SARASOTA -- About a million scallop larvae were released Wednesday in hopes of re-establishing a healthy colony of shellfish in Sarasota Bay's sunlit seagrasses.
A coalition of groups joined forces to provide a biological booster shot to the bay, which has not harbored scallops in significant number for decades, said Jay Leverone, Ph.D., a staff scientist for one member of the coalition, the Sarasota Bay Estuary Program.
In the next couple of months, another 20 million to 40 million more larvae are slated to be released into the bay, said Larry Stults, Ph.D., an attorney who is also president of coalition member Sarasota Bay Watch.
The portion of Sarasota Bay that adjoins Manatee County may also be seeded with scallop larvae as part of a regional effort from Tampa Bay to Charlotte Harbor, perhaps with money from fines imposed on BP as a result of the 2010 Gulf of Mexico oil spill, Leverone said.
Wednesday's effort was the second this year; earlier this month, scientists released four million young scallops; and in December last year, they released another four million, Stults said.
They hope cleaner water and more lush seagrass habitat, coupled with better policing to prevent recreational overfishing, might have created conditions in which the scallop population can rebound.

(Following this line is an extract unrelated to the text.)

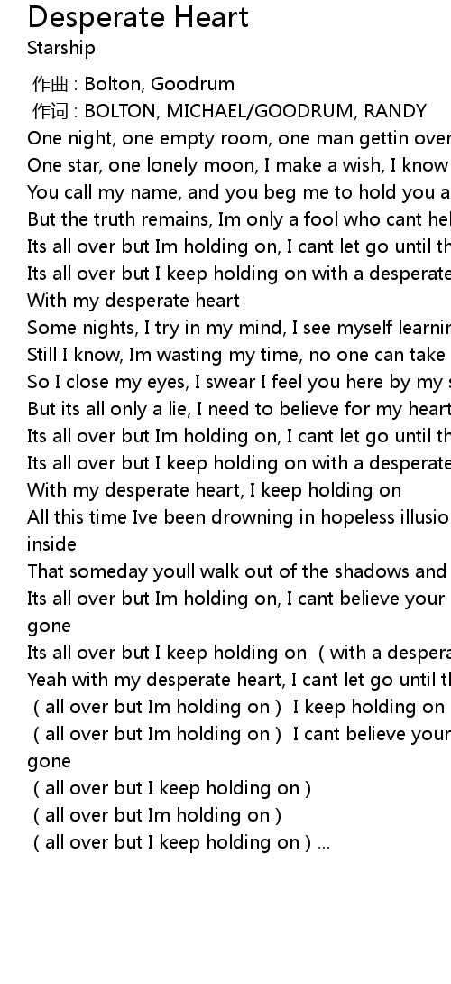 | [01:11.46] | Its all over but I keep holding on with a desperate heart |

However, even if seeding proves successful, it could still take 10 years before scallops return in anything like the numbers when they were a thriving part of the bay's ecosystem, Leverone cautioned. He said it was not clear exactly why they died out.
Should scallops ever take root in such quantities that commercial harvesting might be feasible, it would be "the ultimate sign of success," said Ed Chiles, owner and chief executive officer of The Chiles Group, an Anna Maria Island business including the Sandbar, Beachhouse and The Mar Vista Dockside Restaurant & Pub.
"I speak as a restaurateur," he said, noting he is unable to consistently buy enough high-quality fresh bay scallops locally to serve his customers; he buys ocean scallops, larger than bay scallops, from firms in the northeast, he said.
Chiles was among those who raised money for the seeding effort, along with Ted LaRoche, of the LaRoche Family Foundation and Micheal Coleman, of the Pine Avenue Restoration Project.
Each contributed one-third of the $3,500 cost of larvae, provided at a discounted price by businessman Curt Hemmel, owner of Bay Shellfish Co., of Terra Ceia.
Hemmel nurtured the tiny creatures to a late stage before they were released into the wild; bay scallops grow to adulthood in a year's time.
The boats carrying them left the dock of coalition partner Mote Marine Laboratory, of Sarasota; other members include the Florida Fish and Wildlife Research Institute, of St. Petersburg; and the Sarasota Yacht Club, partnering with Sarasota Bay Watch, who raised over $34,000 in community donations for a long-term restoration effort, Stults said.
"We are pleased to have the opportunity to provide the necessary funding for such a great project," said Chiles, who is also a member of the board of Sarasota Bay Watch. "A healthy bay is important to our businesses. If you think about it, you realize a healthy bay is important to everyone's business."